Тетя Ася. Ах, мне так стыдно. Неужели, я когда-нибудь буду вашей женой?

Кондрат Григорьевич. О, это такое счастье... Подумай: мы женаты, у нас дети...

Миша. Гм... дети... странно, что у тети до сих пор детёв не было. У мамы есть дети. У полковницы на верхней площадке есть дети. А одна тетя без детёв. Наверно, без мужа их не бывает. Нельзя; некому кормить.

Тетя Ася. Иди, иди, милый.

Кондрат Григорьевич. Иду. О, радость моя, один только поцелуй.

Тетя Ася. Нет, ни за что...

Кондрат Григорьевич. Только один, и я уйду.

Тетя Ася. Нет, нет ради Бога...

Миша. Чего там ломаться, целовала бы лучше... Будто трудно. Сестренку Труську целый день ведь лижет.

Кондрат Григорьевич. Один поцелуй. Умоляю. Я за него жизнь отдам. (Обн и мает ее и целует.)

Миша. Черт знает, что такое. Целуются, будто маленькие. Разве напугать их для смеху. Высунуть голову и прорычать, как дворник "вы чего тут делаете... Нету на вас угомону". (Тетя Ася и Кондрат Григорьевич убегают.)

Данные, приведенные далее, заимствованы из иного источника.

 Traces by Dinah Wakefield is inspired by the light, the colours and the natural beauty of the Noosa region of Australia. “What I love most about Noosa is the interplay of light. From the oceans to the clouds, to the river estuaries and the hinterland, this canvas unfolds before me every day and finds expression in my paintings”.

Миша. А ловко это он: я за тебя, говорит, жизнью готов пожертвовать. И пожертвует. Приведут его на площадь, поставят на колени, и палач будет ходить с топором, весь в красном... "Настя", скажет офицер, "сейчас я буду жертвовать за тебя жизнью". А тетя заплачет и скажет: "Ну, жертвуй, что ж делать". Трах, и голова падает с плеч. А палач сделает руки вот так и засмеется. Как индеец. (Пауза.)

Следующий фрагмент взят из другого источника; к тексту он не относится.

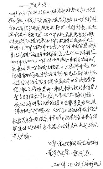4,對(duì)于有關(guān)媒體沒(méi)有經(jīng)過(guò)核實(shí)發(fā)表“虛假報(bào)道”,中華衛(wèi)星電視集團(tuán)有限公司保留通過(guò)法律程序追究其法律責(zé)任的權(quán)利。

В соседней комнате пьют чай, слышно, как звякают ложками.

Миша. Ложками звякают, а меня не позовут. Хоть с голоду подыхай.

Мать (голос из другой комнаты). Миша! Мишуха, где ты? Иди пить чай.

Миша. Сейчас будет извиняться.

ЯВЛЕНИЕ ЧЕТВЕРТОЕ

Мать. Где ты был, Мишутка? Идем чай пить.

Миша (про себя). Не извиняется. Эх! Ну, и Бог с ней. Если она забыла, так и я забуду. Все ж таки она меня кормит, обувает. Полжизни за поцелуй!.. (В ы ходя из-за ширм. Громко.) Мама, поцелуй-ка меня.

Мать. Ах ты, поцелуйка! Ну, иди сюда. (Целует.) Ну, а теперь идем чай пить с молочком. Живо. (Уходит.)...

Миша (один). Что тут особенного -- не понимаю? Полжизни за поцелуй. Прямо умора! (Смеется.)